Pull every line from the records that has the word "used" in it.

(Beginning of Recorded data)

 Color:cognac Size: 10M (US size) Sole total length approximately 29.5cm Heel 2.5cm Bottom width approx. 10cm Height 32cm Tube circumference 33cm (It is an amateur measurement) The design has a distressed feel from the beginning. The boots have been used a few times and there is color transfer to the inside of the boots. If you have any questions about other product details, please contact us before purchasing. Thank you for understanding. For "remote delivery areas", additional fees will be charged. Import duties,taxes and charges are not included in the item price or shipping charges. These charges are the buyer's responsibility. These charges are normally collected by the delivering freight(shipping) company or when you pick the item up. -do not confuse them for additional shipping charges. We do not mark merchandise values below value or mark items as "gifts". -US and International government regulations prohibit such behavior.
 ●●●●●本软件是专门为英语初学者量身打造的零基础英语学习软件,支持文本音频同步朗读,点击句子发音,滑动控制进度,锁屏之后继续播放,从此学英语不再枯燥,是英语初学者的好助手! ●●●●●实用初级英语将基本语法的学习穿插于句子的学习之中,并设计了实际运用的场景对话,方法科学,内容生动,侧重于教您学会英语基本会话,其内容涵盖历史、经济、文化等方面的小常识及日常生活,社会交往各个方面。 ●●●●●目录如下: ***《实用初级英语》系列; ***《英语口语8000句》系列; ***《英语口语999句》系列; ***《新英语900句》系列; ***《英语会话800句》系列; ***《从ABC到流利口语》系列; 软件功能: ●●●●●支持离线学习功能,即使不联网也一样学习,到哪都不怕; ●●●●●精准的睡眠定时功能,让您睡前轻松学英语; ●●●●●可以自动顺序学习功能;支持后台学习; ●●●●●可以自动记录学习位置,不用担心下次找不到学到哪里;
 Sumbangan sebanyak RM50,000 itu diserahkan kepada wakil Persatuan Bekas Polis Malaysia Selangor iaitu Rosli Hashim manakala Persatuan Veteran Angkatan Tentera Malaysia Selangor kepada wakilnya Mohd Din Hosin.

(End of Recorded data)
(Beginning of Recorded data)

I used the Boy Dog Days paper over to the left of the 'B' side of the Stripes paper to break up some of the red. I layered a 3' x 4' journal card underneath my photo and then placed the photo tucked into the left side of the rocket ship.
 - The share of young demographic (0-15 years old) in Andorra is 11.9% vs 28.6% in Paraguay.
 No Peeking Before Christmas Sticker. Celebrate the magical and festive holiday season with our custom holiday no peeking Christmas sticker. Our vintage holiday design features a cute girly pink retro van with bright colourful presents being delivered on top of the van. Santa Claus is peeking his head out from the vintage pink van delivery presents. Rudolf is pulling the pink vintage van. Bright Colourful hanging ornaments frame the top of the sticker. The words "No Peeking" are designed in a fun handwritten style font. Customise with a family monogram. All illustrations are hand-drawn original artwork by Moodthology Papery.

(End of Recorded data)

▶ **Your response**:
 Color:cognac Size: 10M (US size) Sole total length approximately 29.5cm Heel 2.5cm Bottom width approx. 10cm Height 32cm Tube circumference 33cm (It is an amateur measurement) The design has a distressed feel from the beginning. The boots have been used a few times and there is color transfer to the inside of the boots. If you have any questions about other product details, please contact us before purchasing. Thank you for understanding. For "remote delivery areas", additional fees will be charged. Import duties,taxes and charges are not included in the item price or shipping charges. These charges are the buyer's responsibility. These charges are normally collected by the delivering freight(shipping) company or when you pick the item up. -do not confuse them for additional shipping charges. We do not mark merchandise values below value or mark items as "gifts". -US and International government regulations prohibit such behavior.
I used the Boy Dog Days paper over to the left of the 'B' side of the Stripes paper to break up some of the red. I layered a 3' x 4' journal card underneath my photo and then placed the photo tucked into the left side of the rocket ship.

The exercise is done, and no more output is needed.